After lunch, the news media was dominated by the news of the ‘election’ of Rishi Sunak as his was the only valid nomination received by the 2.00pm deadline. Although Boris Johnson and even the Mordaunt camp claimed that they had met the 100 threshhold, one of the Channel 4 reporters revealed that the number of pledges exceeded the number of MPs by about 30. In other words, the figures had been inflated by the various camps and given that politicians of all stripes are constantly manipulating figures to tell favourable stories (and dare I say Tory politicians more than most) it was hardly a surprise that the figures did not add up. But now we have the first Hindu PM elected and also the youngest for two centuries which was quite a surprise. All the formalities will occur tomorrow when Liz Truss formally attends the Palace to tender her resignation to the King, shortly followed by Rishi Sunak who will be asked to form the next administration. All of the talk at the moment is one of ‘unity’ and bringing the Tory party together but I dare say that this will least for about a week before the factionalism and infighting will start again. Rishi Sunak will avoid the self-evident error of not appointing people of talent across the party (both Boris Johnson and Liz Truss only appointed people they thought were ‘one of theirs’ and this was particularly evident in the appointments made by Liz Truss) Nonetheless, there is a deep well of hatred not to say resentment amongst erstwhile Boris Johnson supporters who feel that Rishi Sunak was the person who dealt Johnson the fatal blow by resigning from the Johnson cabinet when he did.

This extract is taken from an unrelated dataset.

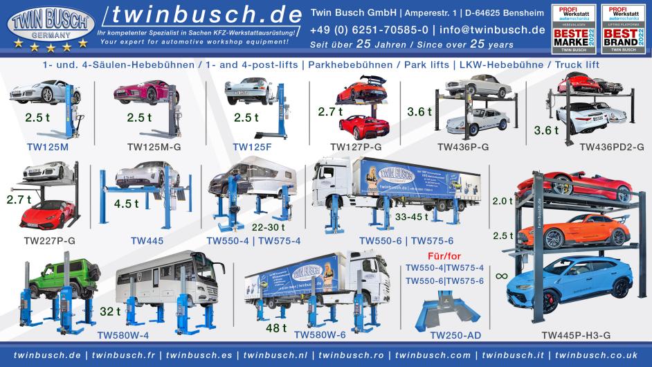 Elektrohydraulische 4-Säulen-Hebebühne. Ideal als Arbeitsannahme- oder Achsvermessungsbühne geeignet. Mit der 4-Säulen-Hebebühne lässt sich vom PKW bis zum Transporter alles anheben. Als Option bieten wir ein Achsfreiheber, Drehteller sowie Abfahrrampen an. Optional sind auch unsere Fahrbahnverlängerungen TW445-V und TW445-H erhältlich: Mit den TW445-V Fahrbahnverlängerungen ergibt die Fahrbahnlänge 5186 mm und hätte somit einen maximalen Radstand 4855 mm sowie einen maximalen Radstand für die Achsvermessung von 4480 mm. Bei Verwendung von TW445-V und TW445-H ergibt die Fahrbahnlänge 5176 mm und einen maximalen Radstand von 5385 mm. Die exakten Radstände sind abhängig von der Reifengröße.

This afternoon, I received a telephone call from my friend in South Oxfordshire and we are going to arrange a ‘dinner date’ in his house, probably in about a month’s time. This we will look forward to but like other things we have to agree mutually convenient dates. In this morning’s emails, I was pleasantly surprised to hear from one of my Hampshire colleagues who is going to attend a family event in Liverpool in late November. We are in the proceess of arranging a date in Novenber when we might meet and my friend hasn’t quite decided whether to make the journey by car or by train. If he decides to travel by train, then I can arrange to meet him at Birmingham International which is quite an easy journey for me to make by car (M42 permitting). There is also the possibility that he might have the time available to make an overnight stop with us as well. In the second week of November, we are due to have an ‘Old Fogies‘ lunch in Winchester so I am pleased that the social diary is filling up quite nicely for November. November is one of those months without the charms of October on the one hand yet Christmas is still some way off in December so it just a month to be lived through. Nonetheless, it looks as though Meg and I will have quite a few social engagements to which we can look forward.